Introduction
Tolosa-Hunt Syndrome (THS), named after Dr. Eduardo Tolosa and Dr. William Hunt, who first described this rare condition in 1954 and 1961, respectively, is known for causing pain around one eye, along with difficulty moving the eye, known as ophthalmoplegia.
It is also known as idiopathic orbital inflammation syndrome, and affects an insignificant number of people – about 1-2 per million, making it a rare condition recognised by the National Organisation for Rare Disorders (NORD) and one of the painful cranial neuropathies by the International Headache Society in its headache classification.
Studies show that THS results from an autoimmune response. This occurs when the body fights itself. Here, it targets and fights the space that houses the eyes and a specific area behind the eye known as the orbital space and cavernous sinus, triggering an inflammation. This inflammation leads to the compression of the cranial nerves (e.g., III, IV, VI and even trigeminal nerve V -- responsible for the eye, lower and upper jaw), in some while for others, the inflammation can result in numbness or tingling around the face.
A distinct feature of THS is that its symptoms can recur within a space of months or years and usually resolve when steroids are administered. THS can affect individuals of any gender and at any age.
People with THS experience problems with their eyes. To manage this condition, steroid medications are the drug of choice because of their activity in reducing swelling, leading to a period of relief.1,2
How does THS present?
Symptoms experienced are usually for a short while and can resolve upon administration of Glucocorticoids within 2-3 days. Common symptoms include;
- Double vision.
- Swelling around the eyes.
- One-sided Headache (either the left or right side)
- One-sided Pain in the space/cavity that houses the eyes.
- Paralysis of the nerves that supply sensory functions to the brain, lower and upper jaws3
Diagnosis of THS
To diagnose THS, the diagnosis of exclusion method is used to rule out other conditions that present with similar symptoms, especially pain in the eyes. This is because diagnosing THS does not require a definitive test.

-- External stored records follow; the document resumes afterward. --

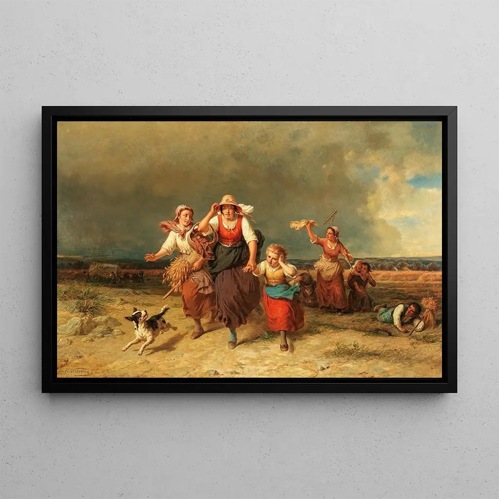 Avant la pluie : un moment de tension et de beauté "Avant la pluie" de François Verheyden capture un instant fugace, où la nature semble retenir son souffle avant l'arrivée d'une tempête. Le nuages sombres s'accumulent dans le ciel, tandis que la lumière du soleil lutte pour percer à travers les ombres menaçantes. La technique de Verheyden, qui utilise des coups de pinceau délicats pour représenter les reflets sur l'eau, crée une atmosphère à la fois dramatique et poétique. Les teintes de bleu et de gris dominent la composition, accentuant la tension palpable de ce moment avant l'orage, invitant le spectateur à ressentir l'imminence de la pluie. François Verheyden : un maître du paysage belge François Verheyden, actif au XIXe siècle, est reconnu pour ses paysages qui capturent la beauté fugace de la nature belge. Influencé par le réalisme et le romantisme, il a su traduire avec finesse les nuances de la lumière et de l'atmosphère dans ses œuvres. Verheyden a souvent peint des scènes de la campagne belge, mettant en avant la relation entre l'homme et son environnement. "Avant la pluie" est emblématique de son style, illustrant son talent pour évoquer des émotions à travers des paysages, tout en témoignant de l'importance de la nature dans l'art de son époque. Une acquisition décorative aux multiples atouts La reproduction de "Avant la pluie" est un ajout captivant à votre décoration intérieure, qu'il s'agisse d'un salon, d'un bureau ou d'une chambre. Son ambiance dramatique et ses couleurs nuancées apportent une touche d'élégance et de profondeur à tout espace. La qualité de la stampa d'arte assure une fidélité à l'œuvre originale, permettant d'apprécier pleinement la maîtrise de Verheyden. En intégrant cette toile dans votre décor, vous créez un point focal qui suscite la conversation et invite à la contemplation, tout en enrichissant votre environnement de beauté artistique.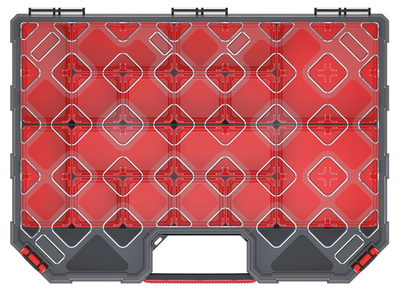 Un organiseur pratique pour l’atelier comme pour la maison, offrant un rangement clair des fixations, accessoires et petites pièces. Grâce à son couvercle transparent en polycarbonate, vous voyez toujours le contenu ; la construction robuste assure une grande résistance et les dimensions compactes permettent un transport et un stockage faciles.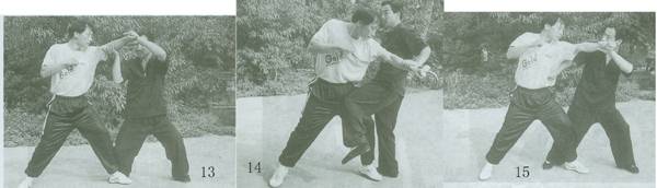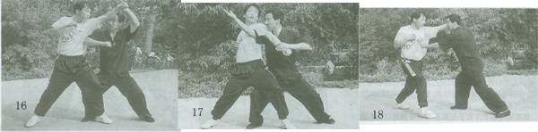 五、捋打摔跌法 1.动作说明:当乙方用左手直拳向甲方面部击来时,甲方左虚步上右脚埋住乙方左脚成马步,右手托接乙方肘关节,左手接在乙方左手腕部(图12)。甲方双手捋下乙方左臂,同时提起左膝击打乙方裆部(图13、14)。顺势抽出右手变掖拳击打乙方左肋(图15),或抽出右手变肘击打乙方左肋(图16),再或右手伸出至乙方左腋下,左手下带乙方左臂,使乙方向后摔倒(图17)。右式可换成左式,用法相同。
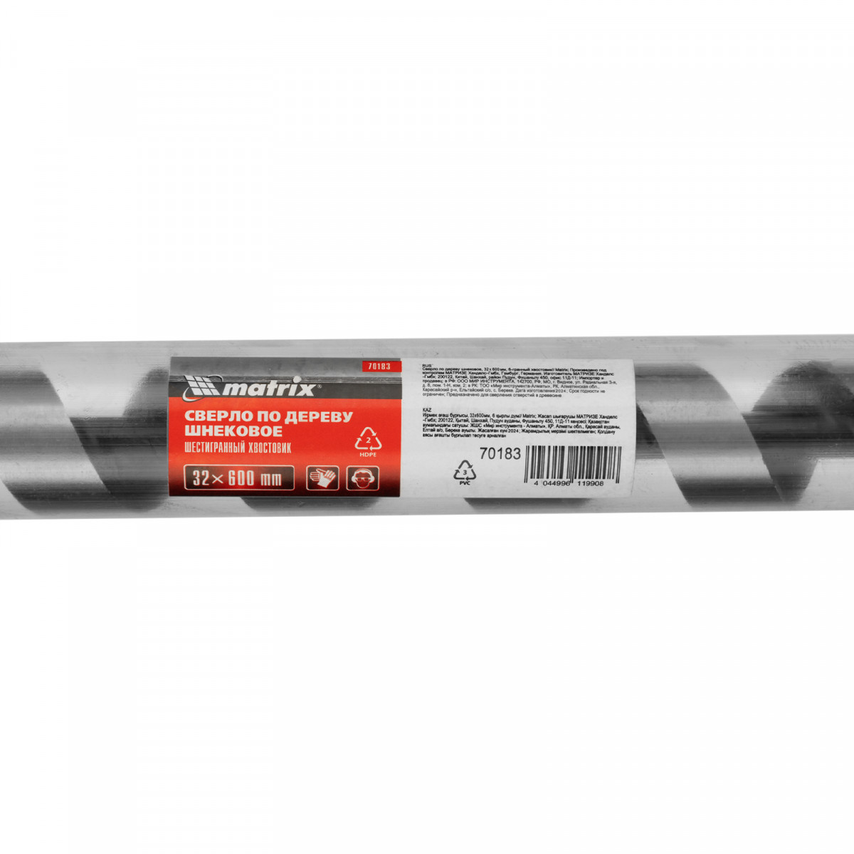 Сверло по дереву шнековое, 32 х 600 мм, шестигранный хвостовик Matrix

To identify THS, physical examinations (e.g, understanding the patient’s symptoms), the use of imaging tools, Laboratory testing (e.g, Erythrocyte sedimentation rate), cerebrospinal fluid (CSF) studies, and administration of Glucocorticoids can be employed.
A physical examination could be the physician observing the patient for one-sided eye pain and an unremarkable musculoskeletal or sensory response to rule out conditions such as Guillain-Barre syndrome and myasthenia gravis.

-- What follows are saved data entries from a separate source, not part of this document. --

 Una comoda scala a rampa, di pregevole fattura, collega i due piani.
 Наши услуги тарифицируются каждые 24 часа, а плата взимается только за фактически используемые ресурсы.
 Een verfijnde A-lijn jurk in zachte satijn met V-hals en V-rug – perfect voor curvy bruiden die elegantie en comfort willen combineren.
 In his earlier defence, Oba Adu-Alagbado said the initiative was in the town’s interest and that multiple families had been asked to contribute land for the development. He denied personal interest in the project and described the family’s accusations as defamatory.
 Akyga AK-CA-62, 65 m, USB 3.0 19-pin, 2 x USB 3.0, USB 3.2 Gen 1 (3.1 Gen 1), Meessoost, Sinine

Because THS affects the nerves behind the eye, doctors typically use imaging tests, like an MRI (Magnetic Resonance Imaging), to check for inflammation in areas like the cavernous sinus or the superior orbital fissure. An MRI can also help rule out other possible causes of similar symptoms, such as tumours, infections, or aneurysms. A Computerised Tomography (CT) can be performed to rule out ischemia-related conditions.
To further diagnose THS, it is important to rule out cavernous sinus thrombosis, as this condition can develop due to infections or non-infectious causes like blood disorders (polycythemia or sickle cell disease), inflammation of blood vessels (vasculitis), pregnancy, dehydration, trauma, or recent brain surgery.
Aside from these, an Erythrocyte Sedimentation Rate (ESR) can help with a differential diagnosis. This test helps to detect inflammation, as the red blood cells settle quicker when there is an inflammation compared to when there is no inflammation, because of the presence of proteins.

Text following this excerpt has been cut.